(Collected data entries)
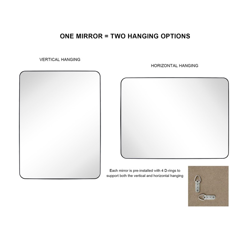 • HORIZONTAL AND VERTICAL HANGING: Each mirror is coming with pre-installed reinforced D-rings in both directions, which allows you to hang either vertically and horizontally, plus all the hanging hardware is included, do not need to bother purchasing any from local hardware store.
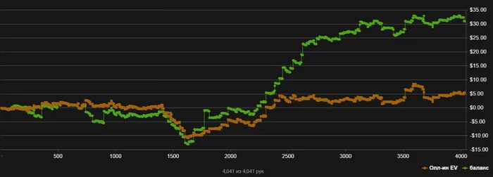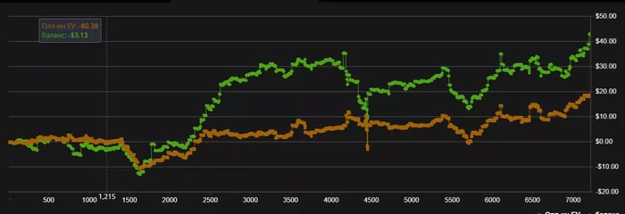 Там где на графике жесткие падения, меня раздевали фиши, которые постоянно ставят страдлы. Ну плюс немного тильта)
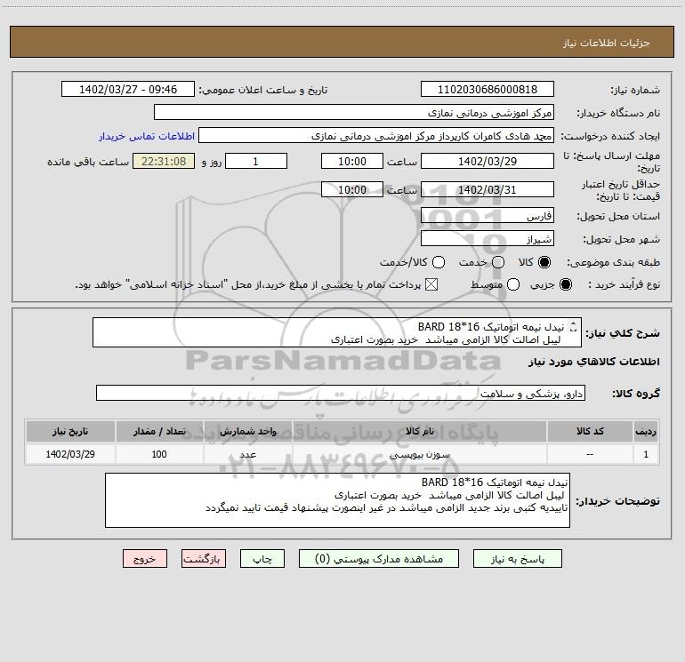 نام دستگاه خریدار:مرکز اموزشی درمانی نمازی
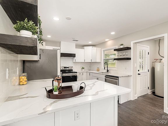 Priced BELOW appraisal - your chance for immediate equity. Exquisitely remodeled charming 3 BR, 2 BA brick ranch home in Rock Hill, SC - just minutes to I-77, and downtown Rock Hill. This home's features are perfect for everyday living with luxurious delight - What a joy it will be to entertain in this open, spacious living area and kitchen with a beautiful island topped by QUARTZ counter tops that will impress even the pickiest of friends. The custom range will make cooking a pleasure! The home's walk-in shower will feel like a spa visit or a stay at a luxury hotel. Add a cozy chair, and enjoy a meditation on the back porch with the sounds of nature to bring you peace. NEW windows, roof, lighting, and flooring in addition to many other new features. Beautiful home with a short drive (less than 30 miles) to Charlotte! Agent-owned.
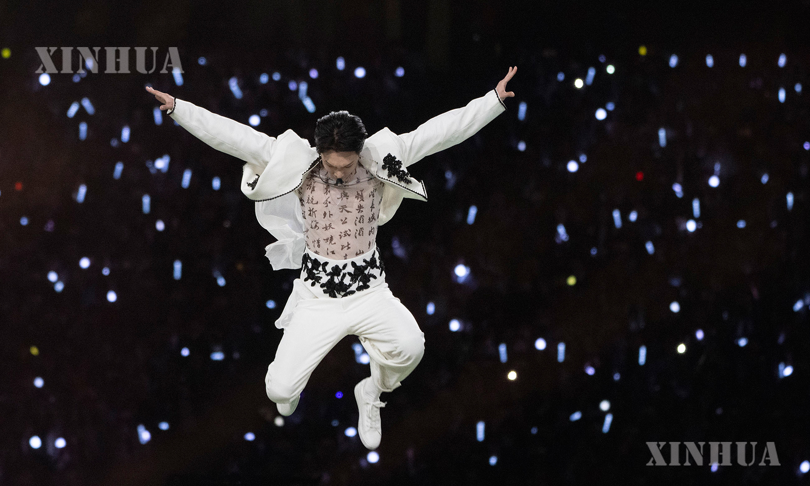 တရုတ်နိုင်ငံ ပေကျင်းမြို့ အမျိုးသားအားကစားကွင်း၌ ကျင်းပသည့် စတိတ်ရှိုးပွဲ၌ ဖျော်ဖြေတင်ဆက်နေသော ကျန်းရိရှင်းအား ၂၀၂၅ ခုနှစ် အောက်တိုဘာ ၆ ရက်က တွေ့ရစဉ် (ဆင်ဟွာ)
==
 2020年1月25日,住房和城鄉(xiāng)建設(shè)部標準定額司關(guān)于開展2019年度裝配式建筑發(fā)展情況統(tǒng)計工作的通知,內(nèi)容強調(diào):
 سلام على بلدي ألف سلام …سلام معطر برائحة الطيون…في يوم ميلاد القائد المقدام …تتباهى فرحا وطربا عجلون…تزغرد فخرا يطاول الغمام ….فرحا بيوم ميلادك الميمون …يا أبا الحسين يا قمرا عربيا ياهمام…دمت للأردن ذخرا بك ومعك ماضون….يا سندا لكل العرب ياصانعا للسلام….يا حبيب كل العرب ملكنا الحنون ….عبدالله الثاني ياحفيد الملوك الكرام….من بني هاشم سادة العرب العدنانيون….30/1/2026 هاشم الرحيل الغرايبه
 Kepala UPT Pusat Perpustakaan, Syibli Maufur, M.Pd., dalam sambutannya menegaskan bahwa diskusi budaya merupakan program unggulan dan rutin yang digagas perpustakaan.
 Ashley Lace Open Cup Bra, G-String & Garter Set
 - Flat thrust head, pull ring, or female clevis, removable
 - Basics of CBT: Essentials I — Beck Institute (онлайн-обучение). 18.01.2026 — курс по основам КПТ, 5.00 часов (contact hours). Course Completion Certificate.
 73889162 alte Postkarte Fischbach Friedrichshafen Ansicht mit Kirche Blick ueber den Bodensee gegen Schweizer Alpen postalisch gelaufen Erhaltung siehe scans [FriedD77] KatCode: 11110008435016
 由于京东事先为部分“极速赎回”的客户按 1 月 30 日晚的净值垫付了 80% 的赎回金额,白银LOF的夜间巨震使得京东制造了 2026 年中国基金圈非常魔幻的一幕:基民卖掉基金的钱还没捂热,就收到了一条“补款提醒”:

• Your instructions:
From the line with "local hardware store." up to and including the line with "نام دستگاه خریدار:مرکز اموزشی درمانی نمازی" above, retype every line exactly and nothing more; leave out the pictures.

• Solution to this exercise:
 • HORIZONTAL AND VERTICAL HANGING: Each mirror is coming with pre-installed reinforced D-rings in both directions, which allows you to hang either vertically and horizontally, plus all the hanging hardware is included, do not need to bother purchasing any from local hardware store.
 Там где на графике жесткие падения, меня раздевали фиши, которые постоянно ставят страдлы. Ну плюс немного тильта)
 نام دستگاه خریدار:مرکز اموزشی درمانی نمازی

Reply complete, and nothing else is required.